══ Records to use ══

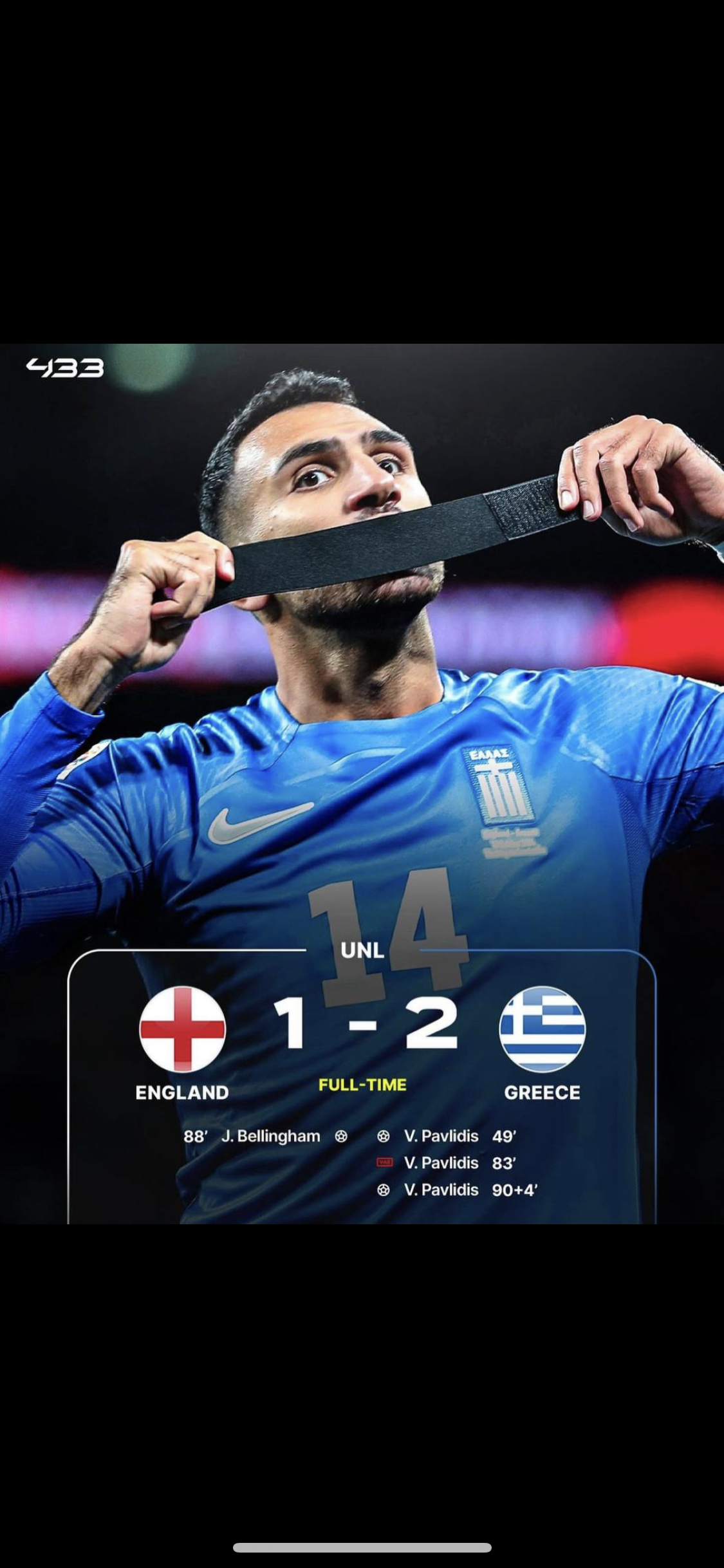 Англия уступила сборной Греции со счетом 2:1,не помог даже гол Беллингема который мог показаться уводит команды в ничью, но Греки смогли вырвать победу на последних минутах матча.
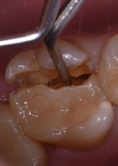 Пациент не испытывает боли или дискомфорта, кариес со временем "подъедает" зуб и дальше пломба вываливается, а зуб уже весь съеден кариесом и от него ничего (кроме стенок) не осталось. Такой зуб тоже можно отправлять на удаление.
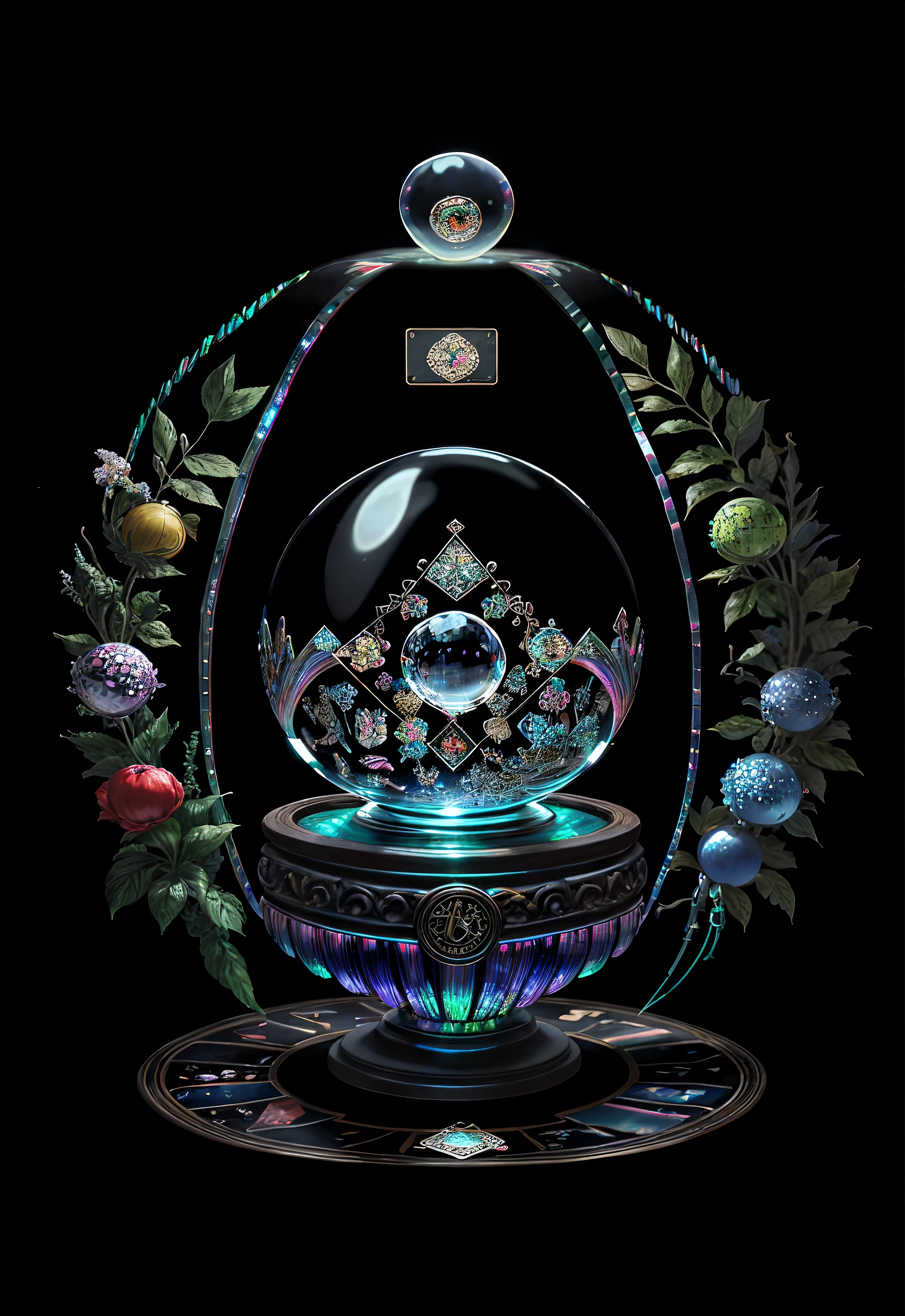 (best quality, top quality, masterpiece) , illustration, official art, beautiful and aesthetic, intricate details, ultra detailed, (iridescent translucent crystal ball:1.5) , alluring fortuneteller, plants, flowers, (tarot card, wheel of fortune, flourish pattern) , abstract background, <lora:add_detail:0.33> , <lora:noline:-0.33> , <lora:pastelmix-lora:0.33> , 16k, UHD, HDR, (Masterpiece:1.5) , (best quality:1.5)
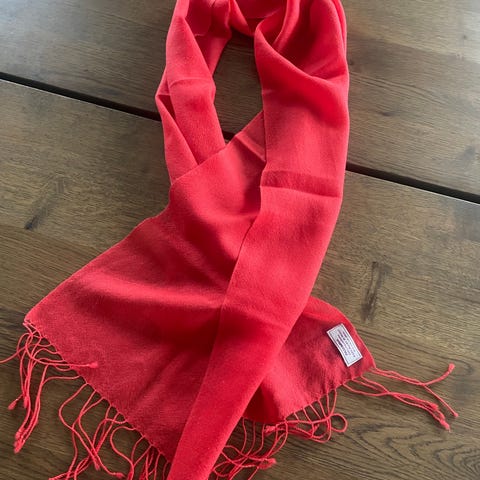 Nyt flot Pashmina tørklæde i lys, brun og bordeaux farver, med frynser.
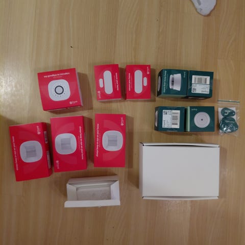 Novus Alarm System Komponenter i hvit farge. Inkluderer flere komponenter som :
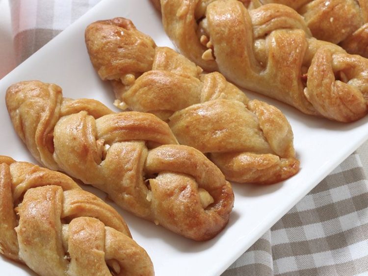 - Orta kısmına fındık yerleştirin ve kenardaki parçaları üst üste gelecek şekilde kapatarak örgü şekli verin..
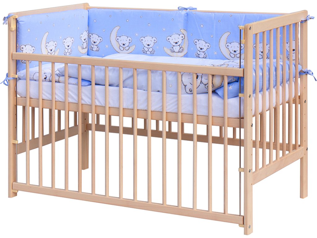 1. Dětská dřevěná postýlka 120 x 60 cm - přírodní, masiv borovice, stahovací bok, 6 poloh roštu
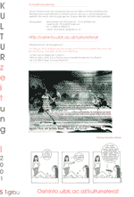 Die Kulturzeitung ist im Rahmen des Kulturreferates der ÖH entstanden, unter Mitwirkung von Student/innen aus ganz Österreich. Die Orginalblätter sind in A0 Größe in Eigendruck hergestellt. Wir waren Gast in der Siebdruckwerkstätte von Cunst & Co in Innsbruck.
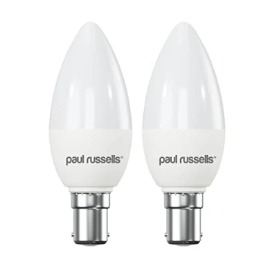 paul russells LED Candle Small Bayonet Fitting Dimmable Light, 5.5W B15 C37 Bulbs, 40w Equivalent, 6500K Daylight, Dimmer SBC Energy Saving Ceiling Lightsbulbs, Pack of 2
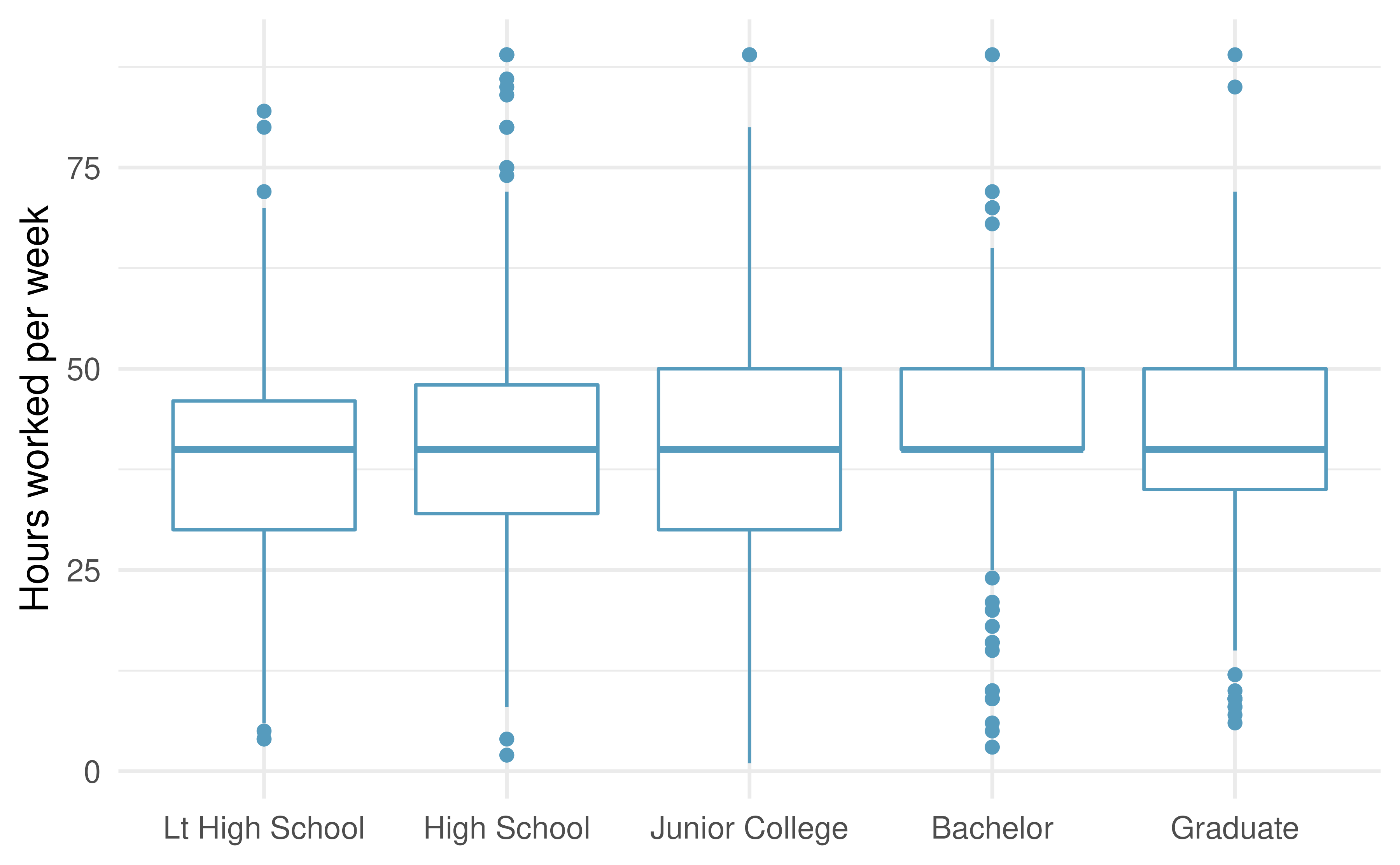 Work hours and education. The General Social Survey collects data on demographics, education, and work, among many other characteristics of US residents. (NORC 2010) Using ANOVA, we can consider educational attainment levels for all 1,172 respondents at once. Below are the distributions of hours worked by educational attainment and relevant summary statistics that will be helpful in carrying out this analysis.

═══

Work instructions: Only the lines from the line that contains "Nyt flot Pashmina" through the end of the entries are to be written out, exactly and without pictures, both ends included.

Response to this task:
 Nyt flot Pashmina tørklæde i lys, brun og bordeaux farver, med frynser.
 Novus Alarm System Komponenter i hvit farge. Inkluderer flere komponenter som :
 - Orta kısmına fındık yerleştirin ve kenardaki parçaları üst üste gelecek şekilde kapatarak örgü şekli verin..
 1. Dětská dřevěná postýlka 120 x 60 cm - přírodní, masiv borovice, stahovací bok, 6 poloh roštu
 Die Kulturzeitung ist im Rahmen des Kulturreferates der ÖH entstanden, unter Mitwirkung von Student/innen aus ganz Österreich. Die Orginalblätter sind in A0 Größe in Eigendruck hergestellt. Wir waren Gast in der Siebdruckwerkstätte von Cunst & Co in Innsbruck.
 paul russells LED Candle Small Bayonet Fitting Dimmable Light, 5.5W B15 C37 Bulbs, 40w Equivalent, 6500K Daylight, Dimmer SBC Energy Saving Ceiling Lightsbulbs, Pack of 2
 Work hours and education. The General Social Survey collects data on demographics, education, and work, among many other characteristics of US residents. (NORC 2010) Using ANOVA, we can consider educational attainment levels for all 1,172 respondents at once. Below are the distributions of hours worked by educational attainment and relevant summary statistics that will be helpful in carrying out this analysis.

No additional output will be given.